Maillard said she took a contemporary dance class in high school and learned aerial dance, which eventually led her to discovering acrobatics.
“This lovely woman came in and taught us aerial dance and it was terrifying because we were upside down and we had to let go and that was the scariest thing I had ever done. And then I let go and I didn’t want to climb out. I wanted to stay there forever,” Maillard said.
Soon enough, the Maillard said she discovered a nearby circus school, The Flowjo, and started partner acro. Maillard continues to practice acro on campus in McGary’s class.    
“Because I don’t like sports, I kind of discovered circus arts as a way of physical activity that I enjoy,” Maillard said. “It’s exciting. It’s fun. It releases endorphins in my brain.”
Anna Emslie, a political science student, rooms with Maillard. The roommates share a great deal in common. Both know French and live in the Chapel Hill area.
Although Emslie doesn’t attend acroyoga, she knows Maillard truly loves it.
“Whenever I hear about it, Elisabeth just seems excited,” Emslie said.
McGary said some of the names of acro poses include bird, high-flying whale, straddle bat, star and throne.
The bird pose involves one partner lying on their back, acting as a base.
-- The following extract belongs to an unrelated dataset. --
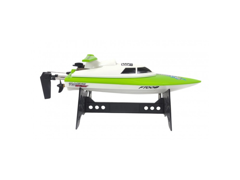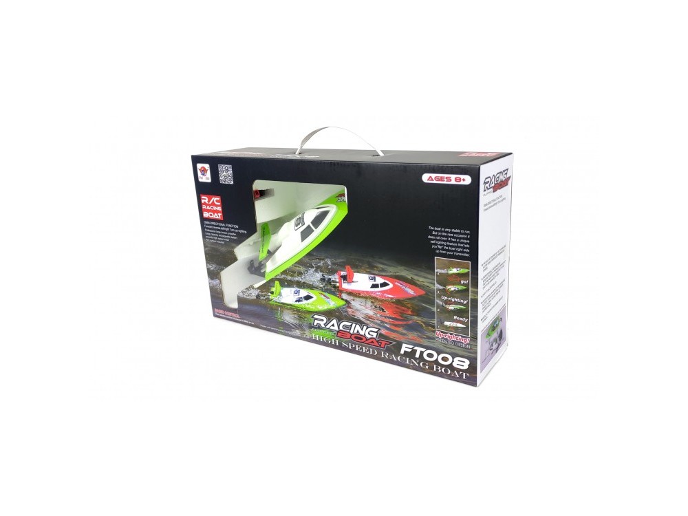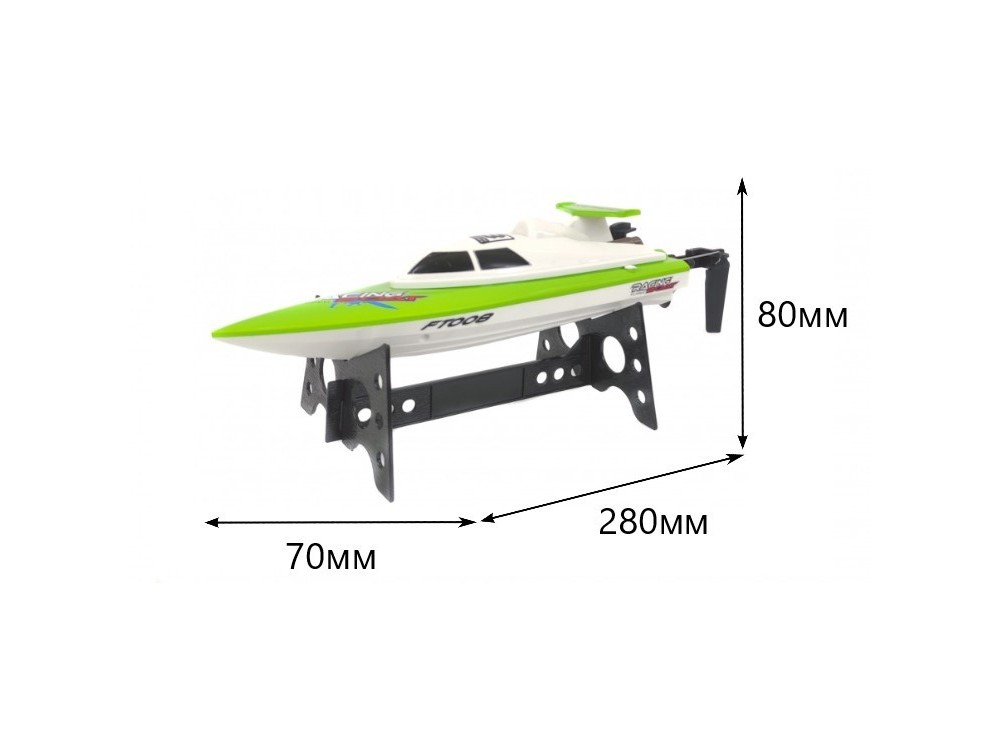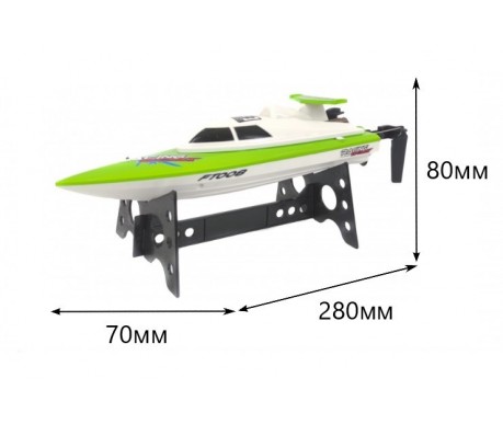 - Комплектация Катер FT008 в сборе, пульт управления, аккумулятор, батарейка для пульта управления, зарядное устройство, подставка для катера, бампер, запасной винт, инструкция.

The other partner, the flyer, kneels at the feet of the base. The base then places the palms of their feet on the flyer’s hips.  
The base grabs the flyer’s wrists and lifts them into the air by straightening their legs. The flyer balances from their hips on the base’s feet.
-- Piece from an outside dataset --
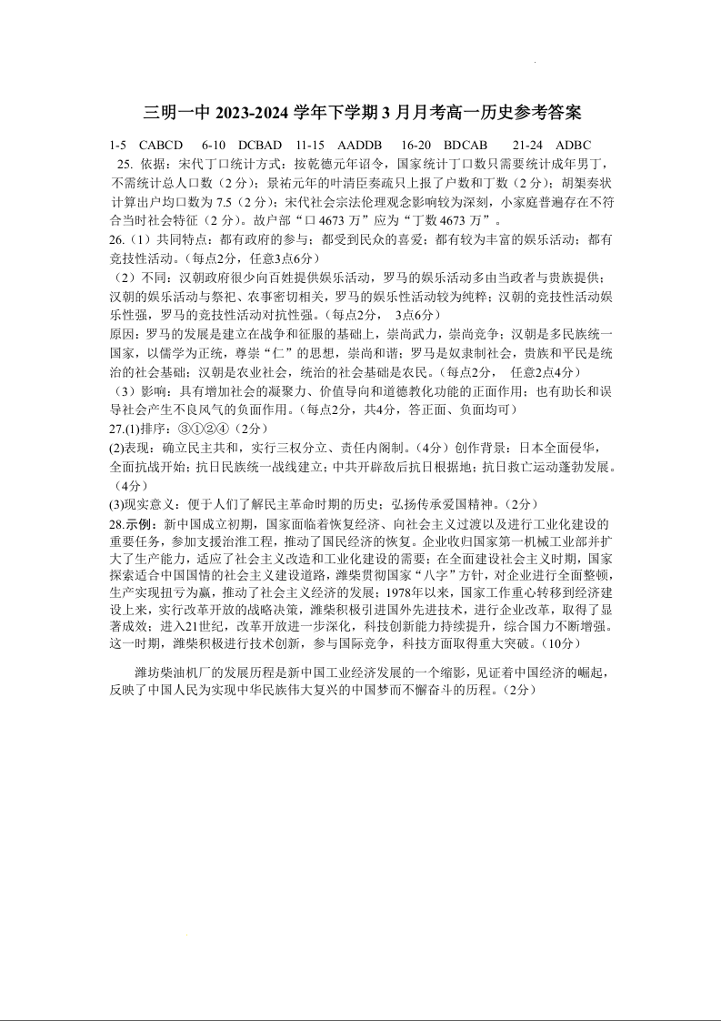 福建省三明市第一中学2023-2024学年高一下学期3月月考历史答案

“In my teaching this class, it’s really primarily to empower people and to encourage people to expand outside of who they think they are or who they’ve been told that they are and really to just allow that identity to happen really naturally,” McGary said.
The class emits a strong sense of community and trust, something McGary said she works hard to achieve.   
“It’s an open class. Sometimes we do stuff that’s complicated, but it’s like, hey if you can’t do this, try just that one,” Maillard said. “It’s all levels. It’s interesting, it’s fun, it’s new, it’s different.”
In addition to teaching acroyoga on campus McGary, a UNCA graduate, said she works at a wellness and retreat center in Marshall. She stays active in the community by teaching slacklining and other fitness classes. Like Maillard, she shares a love of circus arts.
“You end up using all of these muscles that you don’t normally use when you just lift weights in the gym because the body is moving in space and so it’s all these different stabilization muscles and your core just becomes so much stronger,” McGary said.
Although McGary taught some acroyoga classes on campus last semester, this semester, is her first time offering a weekly acroyoga class in the Sherrill Center. The class stays consistent in size with numerous students coming regularly.
“A lot of people are like, ‘I didn’t want to come because I didn’t have a partner.’ You don’t have to have a partner at all. People just show up,” Maillard said.